* EXERCISE PROMPT
For this exercise, retype each line of the material below verbatim and omit any picture.

* SUPPLIED DATA
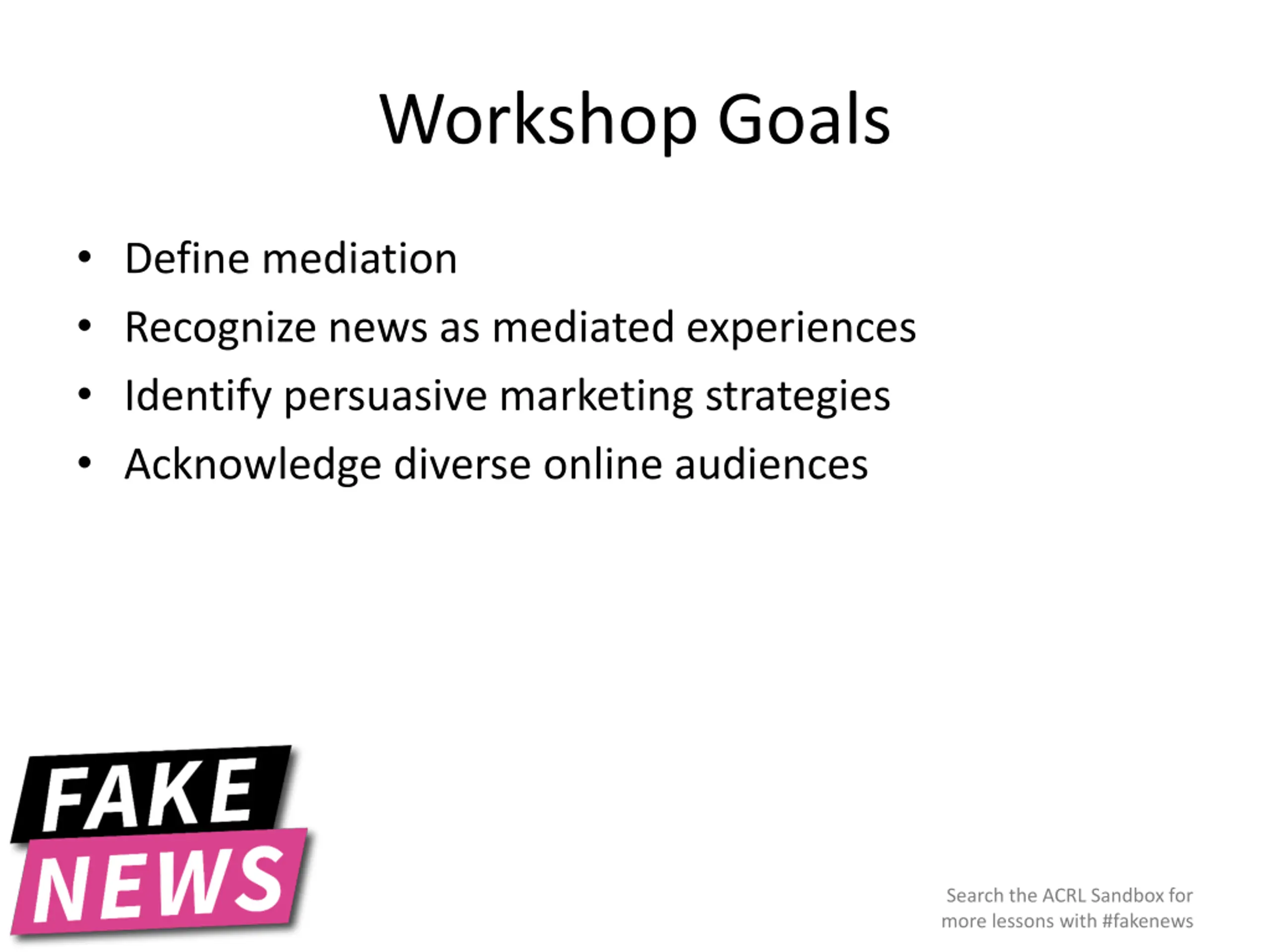 Workshop Goals Define mediation Recognize news as mediated experiences Identify persuasive marketing strategies Acknowledge diverse online audiences Search the ACRL Sandbox for more lessons with #fakenews
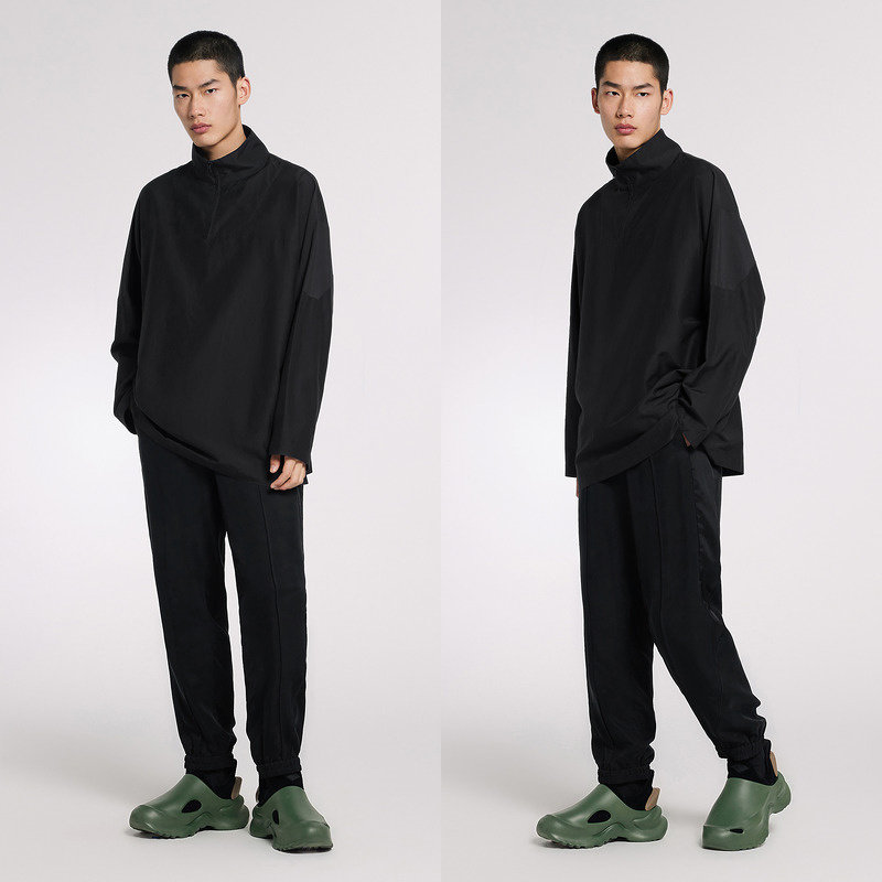 速写男装秋季新款休闲裤宽松九分运动束脚裤拼接设计个性黑色裤子
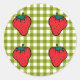 Erdbeeren auf Green Gingham Runder Aufkleber
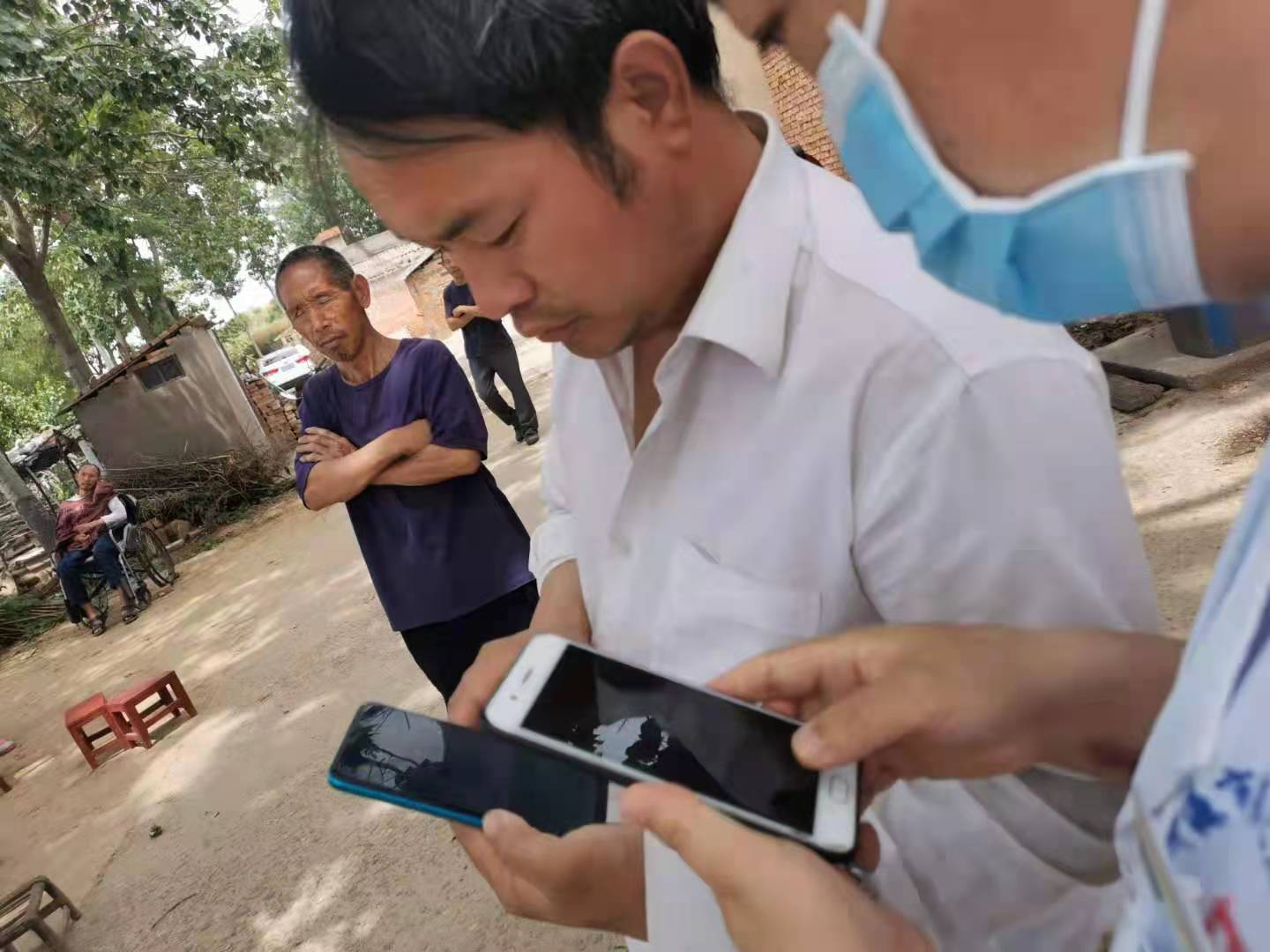 李大哥一家6口,仅弟弟一人有劳动力,我院医务科王三学面对此情此景,不由动容,拿起手机给李大哥弟弟微信转账200元。大峪卫生院医政科科长见状迅速掏出手机,拍下这动人一幕。

* YOUR RESPONSE
 Workshop Goals Define mediation Recognize news as mediated experiences Identify persuasive marketing strategies Acknowledge diverse online audiences Search the ACRL Sandbox for more lessons with #fakenews
 速写男装秋季新款休闲裤宽松九分运动束脚裤拼接设计个性黑色裤子
 Erdbeeren auf Green Gingham Runder Aufkleber
 李大哥一家6口,仅弟弟一人有劳动力,我院医务科王三学面对此情此景,不由动容,拿起手机给李大哥弟弟微信转账200元。大峪卫生院医政科科长见状迅速掏出手机,拍下这动人一幕。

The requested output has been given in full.